Glucose Metabolism Quantified by SUVmax on Baseline FDG-PET/CT Predicts Survival in Newly Diagnosed Multiple Myeloma Patients: Combined Harmonized Analysis of Two Prospective Phase III Trials

Anne-Victoire Michaud-Robert 1, Elena Zamagni 2, Thomas Carlier 1, Clément Bailly 1, Bastien Jamet 1, Cyrille Touzeau 3, Philippe Moreau 3, Françoise Kraeber-Bodere 1,4, Cristina Nanni 5, Caroline Bodet-Milin 1,*
PMCID: PMC7564454  PMID: 32899991

Abstract

Simple Summary

Multiple myeloma (MM) is associated with high morbidity and mortality and variable survival that requires early identification of high-risk patients in order to quickly adapt treatment.

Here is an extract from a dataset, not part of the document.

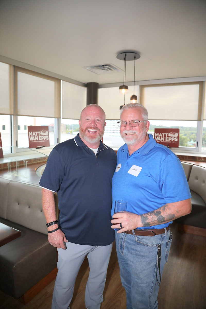 Clarksville, TN – Joe Maynard, owner of Shelby’s Trio, introduced Matt Van Epps, a candidate for Congress in Tennessee’s 7th District, at an August campaign event. “I spent time with Matt recently, and what I learned is that he is a good man,” Maynard said. “And a good man is what we need in Washington, D.C., so Matt come on up here and say a few words …”

FDG-PET/CT is a promising technique for initial staging of symptomatic MM. The aim of our retrospective study was to asses the prognostic value of this technique at baseline in symptomatic MM patients included in two large European prospective studies. After harmonization of data by and ad-hoc approach called M-Combat, we confirmed the prognostic value of FDG-PET/CT in a population of 227 MM patients, by integrating a new prognostic biomarker named “bone SUVmax” (including the maximum intensity of fixation of focal lesions and bone marrow) which is strongly correlated with a poorer prognosis of MM patients. Prognostic patient stratification is currently based on laboratory tests and genomic abnormalities, but FDG-PET/CT is likely to be an important method of defining high-risk patients, and thus, to potentially better adapt future therapeutic management.

Abstract

Background: Multiple myeloma is a hematological neoplasm characterized by a clonal proliferation of malignant plasma cells in the bone marrow, and is associated with high morbidity and mortality and variable survival. Positron emission tomography combined with computed tomography using 18F-deoxyfluoroglucose (FDG-PET/CT) is a promising technique for initial staging of symptomatic multiple myeloma patients. The objective of this study was to assess the prognostic value of this technique at baseline in symptomatic multiple myeloma patients included in two large European prospective studies (French and Italian). Methods: We retrospectively performed a combined harmonized analysis of 227 newly diagnosed transplant eligible multiple myeloma patients from two separate phase III trials. All images were centrally reviewed and analyzed using visual criteria and maximal standardized uptake value. An ad-hoc approach (called modified Combat) was applied to harmonize the data and then remove the “country effect” in order to strengthen the reliability of the final conclusions. Results: Using a multivariate analysis including treatment arm, R-ISS score, presence of extra-medullary disease and bone SUVmax, only bone SUVmax (p = 0.016) was an independent prognosis factor with an OS threshold of 7.1. For PFS, treatment arm and presence of extra-medullary disease were both independent prognosis biomarkers (p = 0.022 and 0.006 respectively). Conclusions: Our results show that bone SUVmax is a simple and reliable biomarker to analyze FDG-PET/CT at baseline that strongly correlates with a poorer prognosis for MM patients.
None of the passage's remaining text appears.